In 2002, Woolworths decided that it would in future only employ workers on a flexible working hour basis, which was limited to 40 hours per week. Prior to this change, Woolworths’ employees were engaged on full-time contracts with fixed hours totalling 45 hours per week.
In order to cater for current market trends, Woolworths decided that it needed the entire workforce to be flexi-timers and sought to convert all full-time employees to flexi-timers on the flexible-hours arrangement.
In their process of conversion, Woolworths failed to comply with key legal requirements related to retrenchments. One such failure was that when Woolworths first initiated their voluntary conversion process, it was without the involvement of the South African Commercial, Catering and Allied Workers Union (“SACCAWU”). This means that SACCAWU’s input in a consensus-seeking effort aimed at exploring a mutually acceptable outcome to this conversion was not obtained.

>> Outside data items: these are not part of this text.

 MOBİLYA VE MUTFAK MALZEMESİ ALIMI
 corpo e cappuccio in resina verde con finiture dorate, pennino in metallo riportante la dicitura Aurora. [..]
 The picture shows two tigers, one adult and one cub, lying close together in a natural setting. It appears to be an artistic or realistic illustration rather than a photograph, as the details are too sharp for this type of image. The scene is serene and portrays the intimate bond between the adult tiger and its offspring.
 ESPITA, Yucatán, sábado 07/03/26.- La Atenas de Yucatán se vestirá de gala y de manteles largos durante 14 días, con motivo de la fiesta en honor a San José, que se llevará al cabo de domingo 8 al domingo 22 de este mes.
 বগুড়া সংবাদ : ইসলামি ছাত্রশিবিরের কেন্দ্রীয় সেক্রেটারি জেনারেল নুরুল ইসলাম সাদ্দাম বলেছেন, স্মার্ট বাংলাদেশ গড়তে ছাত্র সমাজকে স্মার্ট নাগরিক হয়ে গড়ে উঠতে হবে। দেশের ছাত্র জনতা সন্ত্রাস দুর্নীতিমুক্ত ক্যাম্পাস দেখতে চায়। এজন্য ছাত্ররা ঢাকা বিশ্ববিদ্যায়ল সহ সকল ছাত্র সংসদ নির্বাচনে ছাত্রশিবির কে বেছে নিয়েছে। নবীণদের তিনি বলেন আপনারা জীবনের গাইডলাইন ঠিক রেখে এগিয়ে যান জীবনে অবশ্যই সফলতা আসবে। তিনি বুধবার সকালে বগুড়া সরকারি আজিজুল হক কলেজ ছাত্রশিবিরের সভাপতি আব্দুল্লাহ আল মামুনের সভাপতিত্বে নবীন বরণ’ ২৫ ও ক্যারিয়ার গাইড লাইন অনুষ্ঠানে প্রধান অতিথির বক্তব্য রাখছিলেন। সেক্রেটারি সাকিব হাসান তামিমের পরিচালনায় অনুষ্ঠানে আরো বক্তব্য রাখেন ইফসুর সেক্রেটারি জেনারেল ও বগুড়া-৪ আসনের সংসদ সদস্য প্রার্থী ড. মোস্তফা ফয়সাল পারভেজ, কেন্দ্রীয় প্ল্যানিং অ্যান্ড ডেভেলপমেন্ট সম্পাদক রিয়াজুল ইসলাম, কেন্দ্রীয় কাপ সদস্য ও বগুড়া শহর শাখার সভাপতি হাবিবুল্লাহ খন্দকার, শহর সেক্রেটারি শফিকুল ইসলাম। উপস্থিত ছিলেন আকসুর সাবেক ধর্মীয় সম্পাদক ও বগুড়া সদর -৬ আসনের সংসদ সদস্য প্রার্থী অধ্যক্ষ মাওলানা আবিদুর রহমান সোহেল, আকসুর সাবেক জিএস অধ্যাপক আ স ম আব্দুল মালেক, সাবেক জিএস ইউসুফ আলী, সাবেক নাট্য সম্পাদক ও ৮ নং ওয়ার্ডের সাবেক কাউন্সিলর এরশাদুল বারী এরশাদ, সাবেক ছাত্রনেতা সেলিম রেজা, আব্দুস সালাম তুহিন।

The consultation process was thereafter facilitated by the CCMA, however the facilitation failed as the parties could not reach a settlement. Woolworths then resorted to retrenching the employees who did not want to participate in the voluntary process and who did not want to accept the new terms and conditions of their employment which were being implemented by Woolworths.
Some of the new terms being implemented included:
- A drastic reduction in their hourly rate;
- Unilateral imposition of a seven day rolling week; and
- Downward variation of other terms and conditions of employment.

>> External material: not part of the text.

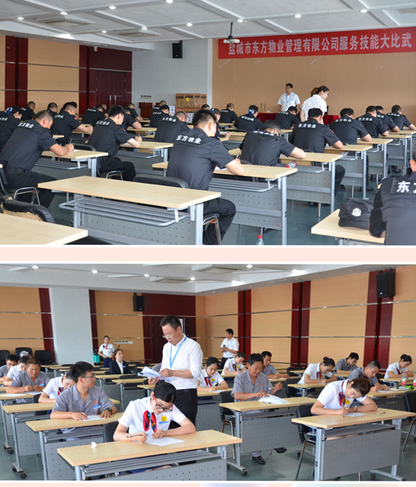 為了展示一線員工專業(yè)技能水平、專業(yè)知識(shí)和精神風(fēng)貌,通過互相觀摩,激發(fā)員工苦練內(nèi)功、服務(wù)用戶的熱情,在公司形成“比、學(xué)、趕、超”的工作氛圍,鹽城市東方物業(yè)管理有限公司于6月25日、26日在東方科技城舉辦了2018年度服務(wù)技能大比武活動(dòng),來自各工種的100多位選手參加了比賽。此次比賽本著實(shí)用原則,通過筆試和實(shí)操環(huán)節(jié),按物業(yè)服務(wù)的四個(gè)板塊設(shè)置比賽項(xiàng)目。

The Union challenged both the procedural and substantive fairness of the dismissals through the Labour Court, which ruled in favour of the Union. The employer then challenged the judgment through the Labour Appeal Court and the appeal was upheld in part.
Essentially, Woolworths was ordered by the Labour Court to reinstate the dismissed workers retrospectively from the date of their dismissal without loss of benefits.
On appeal the LAC confirmed that the dismissal was substantively unfair, but found that reinstatement would be inappropriate as the full-time posts were redundant and instead elected to order the payment of 12 months’ compensation to the dismissed employees.
It is against this substituted order that the applicants (SACCAWU) sought leave to appeal in the Constitutional Court.
In a unanimous judgment written by Khampepe J, the Constitutional Court held that Woolworths had failed to show that the retrenchments were operationally justifiable on rational grounds, as required by section 189A(19)(b) of the LRA. This it held was based on the fact that the sole reason for the retrenchments was the need for flexibility and the SACCAWU members had agreed to work the flexible hours and days required.
Furthermore, this Court found that Woolworths did not properly consider a number of possible alternatives to retrenchment as was required of it in terms of section 189A(19)(c) of the LRA.
The Court considered whether reinstatement, being the primary remedy in cases of unfair dismissal, was ‘not reasonably practicable’ in this case. This was the only possible exception set out in section 193(2) that could be applicable in this case.
The Court held that “not reasonably practicable” means more than inconvenience and requires evidence of a compelling operational burden. Most importantly, in determining the appropriate remedy, presiding officers must take into account the facts of the matter and make a decision as to what is feasible in the particular circumstances. The Court therefore found that Woolworths had failed to show that reinstatement was not possible, appropriate or that it was futile. The Court therefore upheld the appeal.
What this means for the working man…
This case is important because it amounts to advancement in the protection of worker’s rights. The case reaffirms the Employer’s duty of effective consultation and seeking of alternatives in the retrenchment process and clarifies that Employers may not unilaterally slash employee salaries and benefits in order to maximise profits.